§ **REQUIRED WORK**: A verbatim copy is needed of the lines below from the one containing "The Auxetic liner" up to and including the one containing "早晨的瀘沽湖湖面如鏡。(宋明 攝)", excluding pictures.

§ **INPUT DATA**:
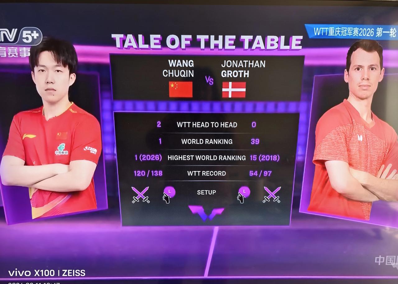 第一局王楚钦🇨🇳11-8先胜格罗特🇩🇰 ​​​! 这是2026WTT冠军赛重庆站男单首轮1/16决赛。 丹麦选手格罗特世界排名第39位。两人在前两年分别有一场交手,王楚钦均轻松获胜。 第二局火力全开,王楚钦越打越顺手,目前11-3又拿下一局[笑哭]!
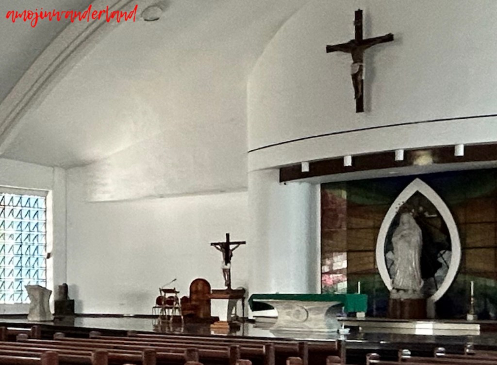 The day chapel on the ground floor, where I attended Mass, is used for weekday services, offering an intimate space for prayer and reflection. In front of it stands the baptistery, which holds a relic of Our Lady of the Pillar, Zamboanga’s patroness and protector.
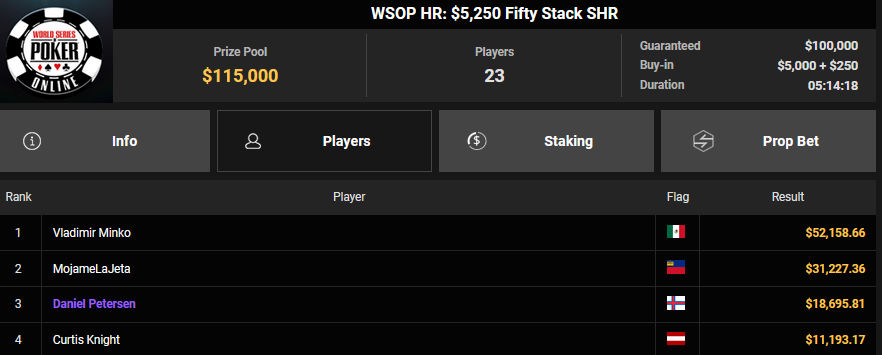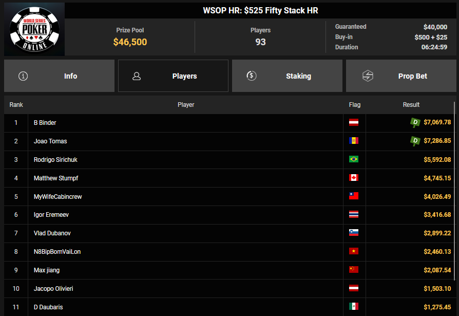 Bernhard Binder teilte beim $525 Fifty Stack HR und holte $7.069 für den Sieg, MojameLaJeta wurde beim $5.250 Fifty Stack SHR Runner-up für $31.227.
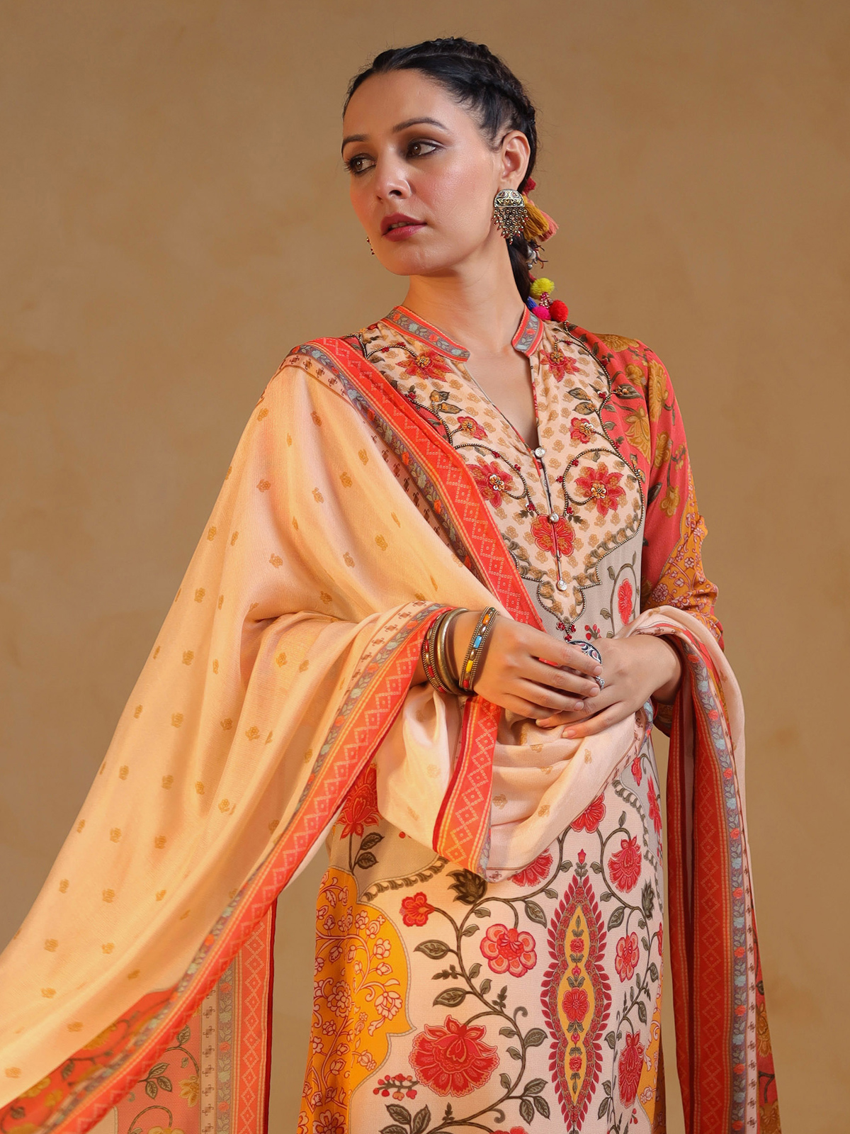 This off-white and orange silk printed suit sparkles with sequins and beads. Finished with a stand neckline and quarter sleeves, paired with pant and dupatta, it makes a vibrant festive look filled with joyful contrast and sophistication.
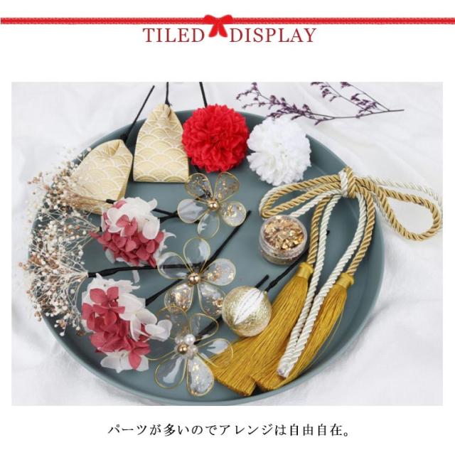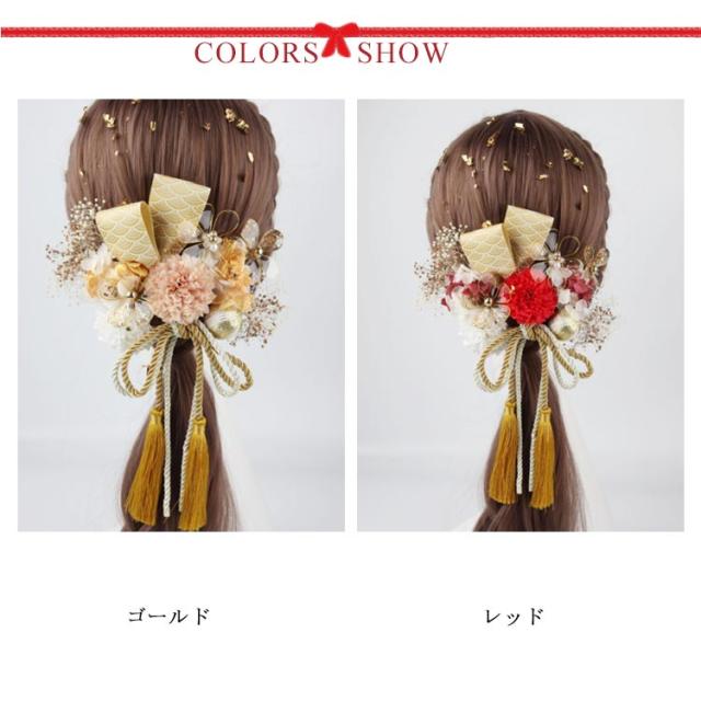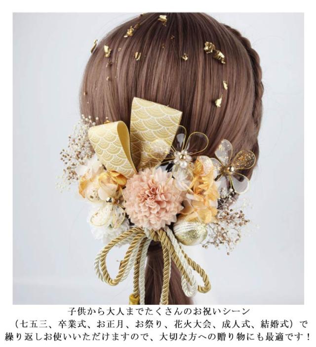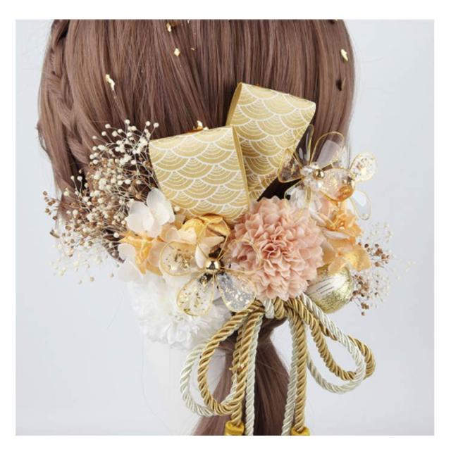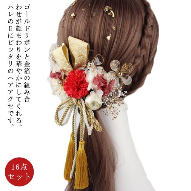 【送料無料】髪飾り 成人式 16点セット ドライフラワー ゴールド 金箔 水引 紐 造花 かすみ草 菊 リボン 和玉 かんざし 和装 お花 振袖 袴 ウェディング 結婚式 卒業式 成人式 前撮り 華やか 高級感 大人
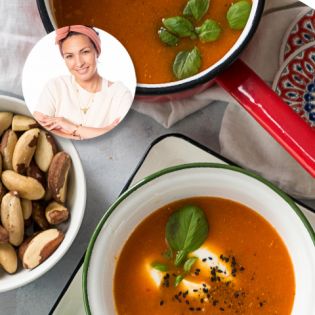 Zupa pomidorowa z Ajwarem i lizakiem z parmezanu
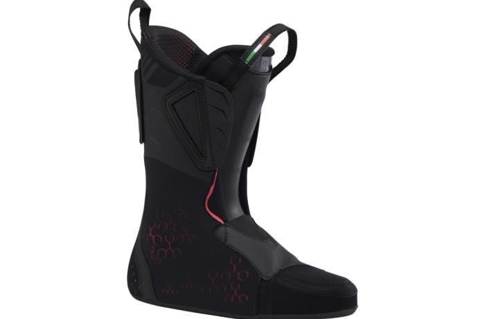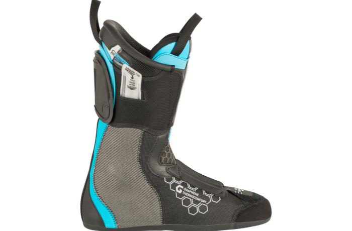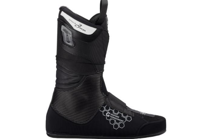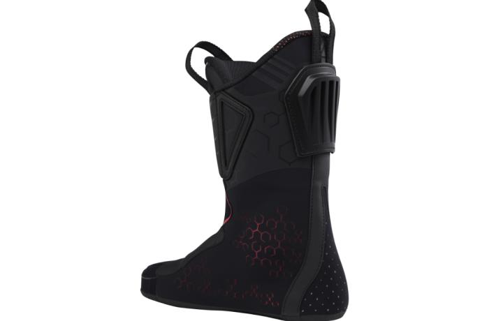 The Auxetic liner is marked (literally) by hexagonal, etched cuts in the exterior material which can expand slightly to allow for point-specific stretch points around bony or wide spots. The result is less peak tension points in those areas which makes for a shockingly even and comfortable feel without a packed-out or loose sensation. Some testers mistake the lack of hotspot pressure as general looseness until they ski the boot and feel held in place, just comfortably so.
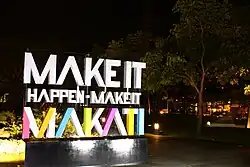 Ayala Triangle with the city's new slogan - "Make it Happen, Make it Makati"
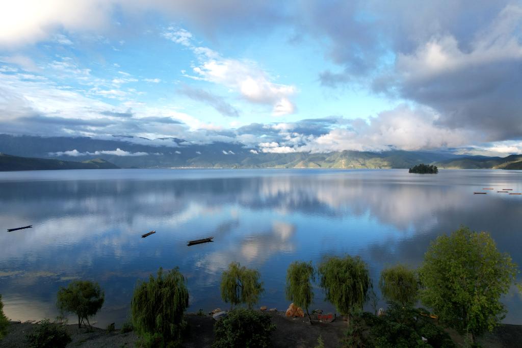 早晨的瀘沽湖湖面如鏡。(宋明 攝)
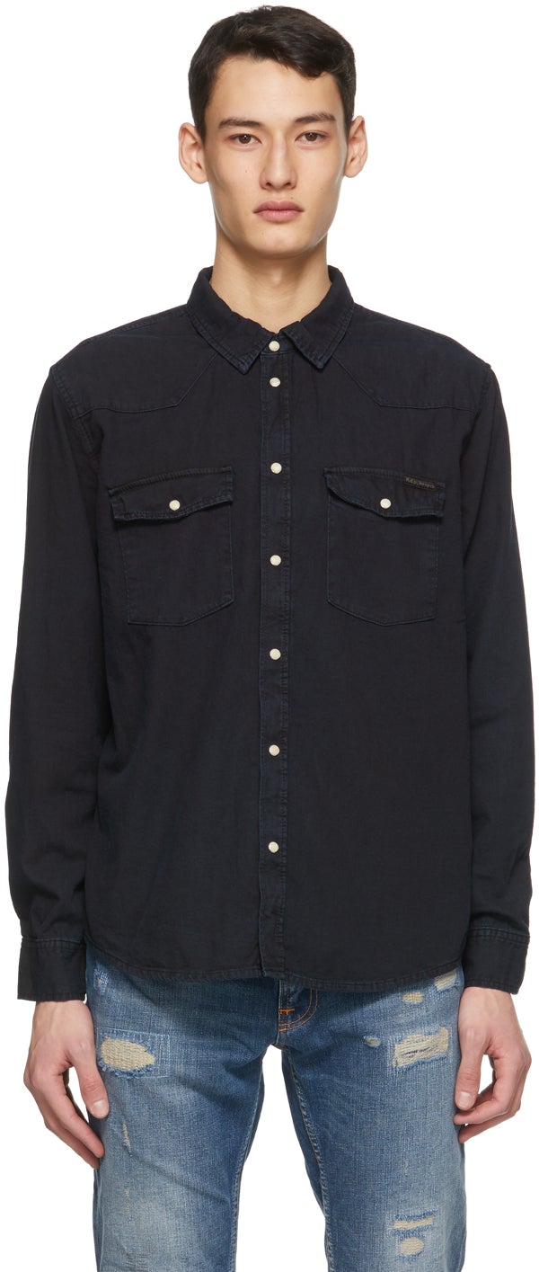 Long sleeve 6 oz. non-stretch organic cotton denim shirt in black. Spread collar. Press-stud closure at front. Flap pockets and textile logo patch at chest. Two-press-stud barrel cuffs. Shirttail hem. Supplier color: Black 100% cotton. Brand: Nudie Jeans
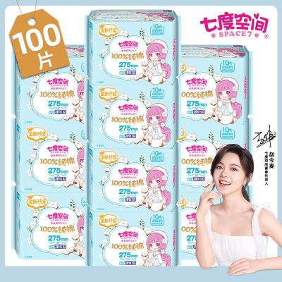 七度空间卫生巾夜用275组合装纯棉超薄款透气学生姨妈巾
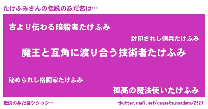 | 女子向けラノベタイトル風あだ名 | 『たけふみ恋絵巻』 |
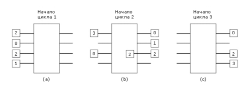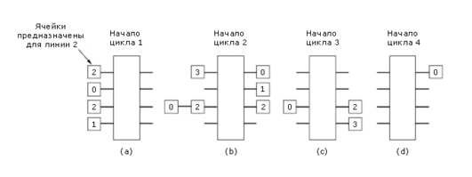 Возможно другое решение: буферизовать ячейки на входе. Идея этого решения показана на рисунке 2-66. Пусть в начале цикла 1 (рисунок 2-66(а)) поступило четыре ячейки, две из которых должны быть отправлены по линии 2. Поскольку из-за линии 2 возник конфликт, то только три ячейки передаются на выходные линии. Поэтому к началу цикла 2 (рисунок 2-66(b)) на выходе переключателя появятся три ячейки, но на вход поступят новые. К началу цикла 3 (рисунок 2-66(с)) на входе останется только одна ячейка, и очередь рассосется только на четвертом цикле. В случае буферизации на входе надо следить за тем, чтобы дисциплина обслуживания возникающих очередей была бы справедливой и равномерно обслуживала очереди на всех линиях.
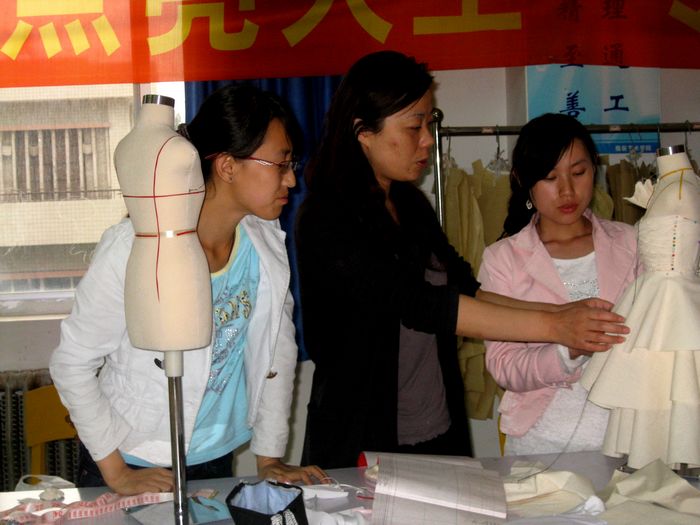 5月18日下午,由服装艺术学院主办、服装工艺教研室承办的 “服装设计制作大赛”作品决赛在笃学A楼服装立体裁剪实训室举行,大赛于4月10日开始全面展开,本次比赛主题为女式夜礼服设计及立裁制作,分为效果图初赛选拔和立裁成品实物决赛两个阶段,初赛阶段共收到299幅参赛作品,评委老师从作品的设计构思和造型表达方面进行初评,共选出了23幅入围效果图。5月9日进入大赛作品制作阶段,选手们在专业指导教师的辅导下,经过十天的精心制作,最终有18件作品参加了本次决赛,最终,高倩雯、同丹丹等同学的作品分别获得一、二、三等奖。本次比赛的获奖作品无论从设计构思和立裁制作手法上均体现出设计者的独具匠心和对专业的热爱之情,也充分展示了同学们的创新能力和实践能力。
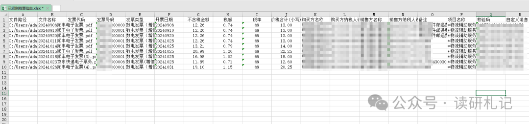 文件路径、文件名称、发票代码、发票号码、发票类型、开票日期、不含税金额、税额、税率、价税合计(小写)、购买方名称、购买方纳税人识别号、销售方名称、销售方纳税人识别号、备注、项目名称、校验码、自定义消息
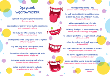 Języczek wędrowniczek Języczek miał jedno ogromne marzenie: (robimy rozmarzoną minę) czas spędzać w podróży przez świata przestrzenie. (otwieramy szeroko usta z zachwytu) Nie służył mu fotel wygodny, ni fajka: (naśladujemy wydychanie powietrza) chciał poznać świat, który opisał ktoś w bajkach! (oblizujemy wargi językiem) Jesienią poznaje polany i lasy, (usta mocno do przodu i naśladujemy szum lasu – szszszszsz) bo woli tam jeździć niż na miejskie wczasy. I cieszy się, kiedy powietrze jest świeże, (robimy głęboki wdech nosem) a idąc, pozdrawia to sowy, to jeże. (usta mocno do przodu i naśladujemy głos sowy: hu, hu) Zaś kiedy śnieżynki w powietrzu fruwają, (kładziemy górne ząbki na dolną wargę i mówimy: fffffff) to wszyscy go chętnie w swych domach witają. (zdziwieni mówimy: O! O!) A tam się wędrowiec do woli wygrzewa, (uf jak gorąco! Uf! Uf!) Czy zimą, czy latem, czy w jesieni porze, (naśladujemy zegar – tik tak, tik tak) śle mnóstwo uśmiechów najpiękniej jak może. (uśmiechamy się, szeroko rozciągając usta) Odwiedza wesołą, spokojną wieś w lecie, (usta mocno do przodu i mówimy: ćśśśś, ćśśś) by łąki słuchały, jak gra im na flecie. (górne zęby na dolną wargę: fi-ju fi-ju fi-ju) lecz tęskni za kwiatkiem, za liściem na drzewach. (robimy bardzo smutną minę, kąciki ust mocno w dół) Nie martwi się jednak i wcale nie smuci, (uśmiechamy się szeroko, kąciki ust w górę) bo gdy przyjdzie wiosna, to do nich powróci! (śmiejemy się głośno i szeroko otwieramy usta: cha, cha, cha, chi, chi, chi) Joanna Szostek logopeda

§ **SOLVED PROBLEM**:
 The Auxetic liner is marked (literally) by hexagonal, etched cuts in the exterior material which can expand slightly to allow for point-specific stretch points around bony or wide spots. The result is less peak tension points in those areas which makes for a shockingly even and comfortable feel without a packed-out or loose sensation. Some testers mistake the lack of hotspot pressure as general looseness until they ski the boot and feel held in place, just comfortably so.
 Ayala Triangle with the city's new slogan - "Make it Happen, Make it Makati"
 早晨的瀘沽湖湖面如鏡。(宋明 攝)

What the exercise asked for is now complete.